A storm drove the Legume into Transylvania (5) where it battled spooky monsters (6). A vampire came on board (7) and was recruited (8). The ship dropped off the Brotherhood in Yalta, and apprehended the saboteur (9), whereupon the Brotherhood swore allegiance to the Tsar (10).

Heading south to the Automan Empire (11), Captain Quid was tricked into a heavy debt (12). He earned the money to repay it with a cargo of oil and tinned duck (13, 14, 15). When the Legume returned to the Automen, the Unix Kernel chartered the ship on behalf of the goddess Cybele to troll for a djinn (16, 17). But the First Mate unknowingly added the djinn to his own crew instead (18, 19).

A shore party became trapped in Minos’ Labyrinth (20) and were pursued by mechanical monsters (21), but escaped (22). Quid then bought a cargo of olives from a Greek Buddhist colony (23) and sold it to the merchants of Pisa (24). But an accident during the party which followed left a tower in that city with a permanent lean (25). Quid was obliged to accept surplus velvet in payment for the olives, but the First Mate managed to sell it (26).

Racing the American frigate U.S.S. Groundpea to Egypt (27) for evidence that the pyramids were built by aliens, the Legume’s crew removed the nose of the Sphinx and brought it on board (28). A shore party scouted the Great Pyramid of Cheops for more evidence (29) but was overcome.

As the Legume crossed the desert to Suez (31), the First Mate remembered the encrypted letter which Cilantro had dropped (32), but nobody could read it. Even Sir Hillary, a British intelligence agent, failed to decode it (33) — or so he claimed. He stole a sacred lamp (34) and, disguised as an Arab, took it to Mecca (35). But his disguise was penetrated, and he barely escaped (36). The Legume fled under fire (37) and went on to Zanzibar, where the First Mate broke the Prime Directive (38, 39).

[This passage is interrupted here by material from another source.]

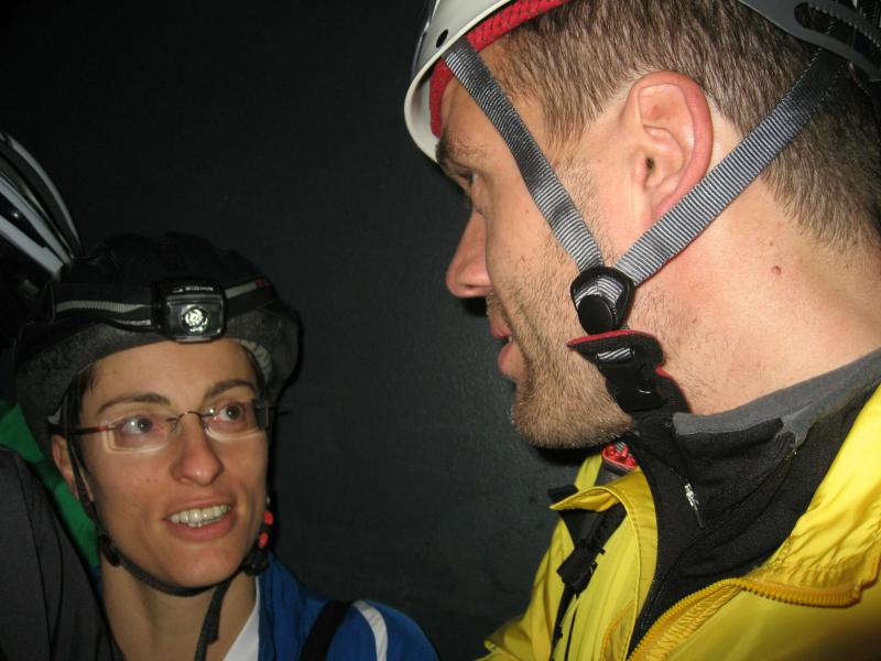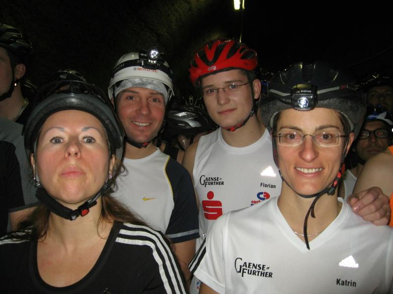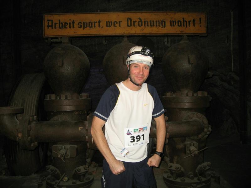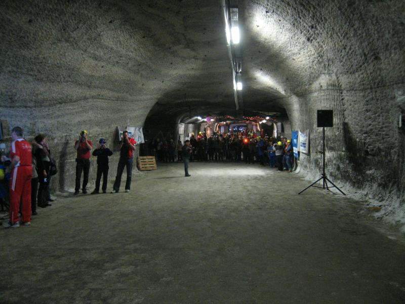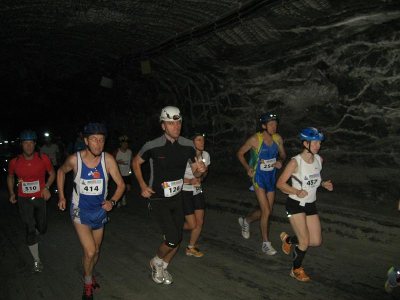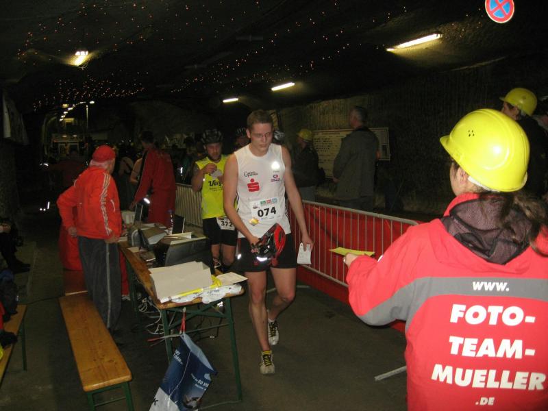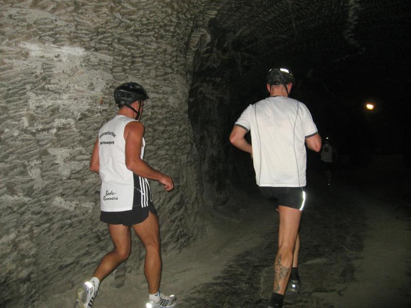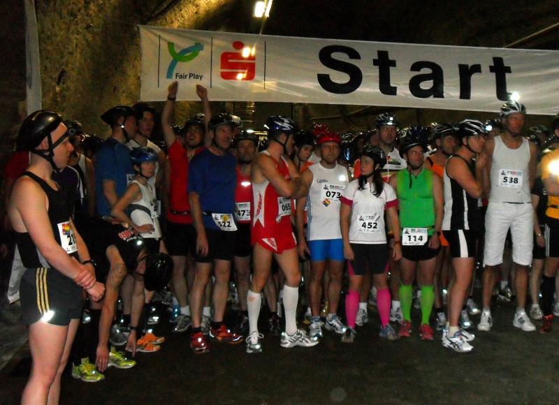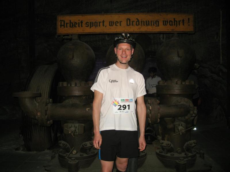 Um 11.00 Uhr waren dann alle 479 Starter bereit für das große Abenteuer. Eine gemessene Luftfeuchtigkeit von 23,5 Prozent, was einem Lauf in der Wüste entspricht, Temperaturen zwischen 28 bis 37 Grad Celsius, extrem glatte Salz-Passagen und die Steigung der sogenannten „Mauer“ mit 24 Prozent, sollte einem harten Bergmann-Arbeitstag entsprechen können. Verhalten gingen die Bode-Runners an die erste Fünf-Kilometer-Runde. In den spärlich beleuchteten Gängen hallte es: „Anja? Ja! Lutz? Ja! Dirk? Ja! Mike? Ja! Dann kam die Mauer: Kleine Schritte, die Arme schwangen kontrolliert mit, gleichmäßig tiefe Atemzüge, der Puls schlug bis unter den Helm, im Lichtkegel rieselte der Salzstaub. Nach gut zwei Kilometern Steigung: „Anja?“ Mehr bekam Sabine nicht raus. Keine Antwort. An der Trinkstelle schluckten die Läufer dankbar das gereichte Wasser. Einen Becher noch über den Kopf, irgendwie schmeckte jetzt alles salzig. Auf dem langgezogenen Plateau kamen die Läufer wieder zu Luft. Die letzten zwei Kilometer der ersten Runde ging es bergab. Nur mit Lampe und gutem Laufschuh war ein rasantes Tempo möglich. Wer im Dunkeln tappte oder ängstlich auf die glänzenden Salzstellen reagierte, schaltete lieber einen Gang runter. Vorbei an der riesigen Frischluftanlage, stieg den Läufern die Würstchenluft aus der unterirdischen Gastronomie in die Nase. Nun war es nicht mehr weit und 150 Zuschauer puschten die tropfenden Läufer in die zweite Runde. Bevor es wieder an die Mauer ging, verlangte der Körper noch einmal Wasser. Während manche gleich in den schnellen Schritt wechselten, hatten andere nur ein Ziel: Nicht stehen bleiben! Langsam aber beständig ging es wieder nach oben. Hitzestau, der Kopf und die Beine drohten zu platzen, Helm und Lampe nervten nur noch, man hatte das Gefühl die Decke fällt einem auf den Kopf. Gänsehaut pur, als die Kuppe endlich erreicht war. Ja!!! Los, nach Hause!

They sailed to Khartoum to ask Prof. Rita Hentrack, a cryptographer, to decode Cilantro’s letter, but she disappeared with it (40). The First Mate led a search party into booby-trapped ruins to look for her (41, 42). Meanwhile, back on the ship, a snail extruded a silk map of the Legume’s entire voyage (contributed by Bill Wright). The search party was captured by the underground empire of Kush, but managed to stave off death by telling stories to its Queen (43, 44) until the Legume rescued them (45). Rita was searched, but her confederate Yassar concealed the letter until they escaped on the American brig Goober (46). The Legume followed the Goober to Alexandria. The First Mate met an American sailor in Alexandria’s empty library, (47) and bribed him to steal the letter and bring it to Thera (48, 49) where it was finally decoded. It was an order to Cilantro to set fire to the white house. This mystified the sailors, because in Thera all of the houses were white.

Prof. Peabody brought his chronometer on board for a sea trial, but its spring could not power the clock and be wound at the same time (50). So he devised a way to wind it in no time; but this sent the ship back in time to the Jurassic period (51, 52).